# `nearest_synth_train_test` example

For `synthimpute` package. Uses the `mpg` sample dataset.

## Setup

In [2]:
import synthimpute as si
import pandas as pd
import numpy as np
from scipy.spatial.distance import euclidean
from sklearn.model_selection import train_test_split

In [3]:
mpg = pd.read_csv(
    "https://raw.githubusercontent.com/mwaskom/seaborn-data/master/mpg.csv"
)
# Drop class columns and sometimes-missing horsepower.
mpg.drop(["origin", "name", "horsepower"], axis=1, inplace=True)

In [4]:
train, test = train_test_split(mpg, test_size=0.5, random_state=0)
train.reset_index(inplace=True)
test.reset_index(inplace=True)

## Synthesize

In [5]:
synth = si.rf_synth(train, ["cylinders"], random_state=0)
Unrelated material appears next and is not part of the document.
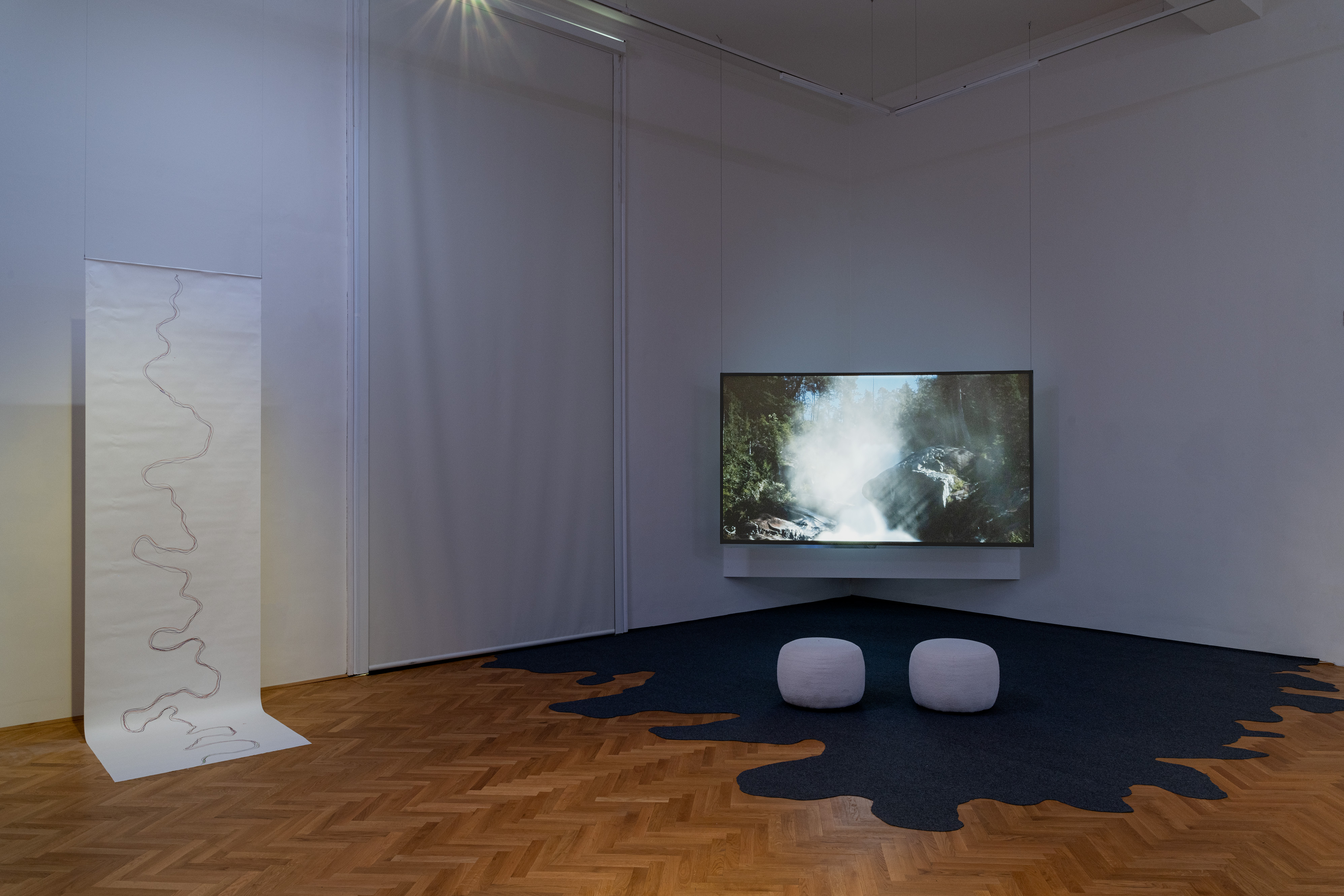 Exhibition view, The Taste of Water, © Academy of Fine Arts Vienna, 2022, photo: Simon Veres Ein Screen mit einem Wasserfall, davor 2 Hocker, links sieht man eine Papierrolle, die lose an der Wand hängt. AEP_8918.jpg image/jpeg Type image/jpeg Dimension Dimension 3991x2661 Size File size 2.3 MB Download View full-size image

Synthesizing feature 1 of 6: index...
Synthesizing feature 2 of 6: displacement...
Synthesizing feature 3 of 6: weight...
Synthesizing feature 4 of 6: model_year...
Synthesizing feature 5 of 6: acceleration...
Synthesizing feature 6 of 6: mpg...


## `nearest_synth_train_test`

### Scaled

By default, `nearest_synth_train_test` scales the `train` and `test` set with respect to `synth`.

In [6]:
nearest = si.nearest_synth_train_test(synth, train, test)
nearest.head()

Calculating nearest records to training set...
Calculating nearest records to test set...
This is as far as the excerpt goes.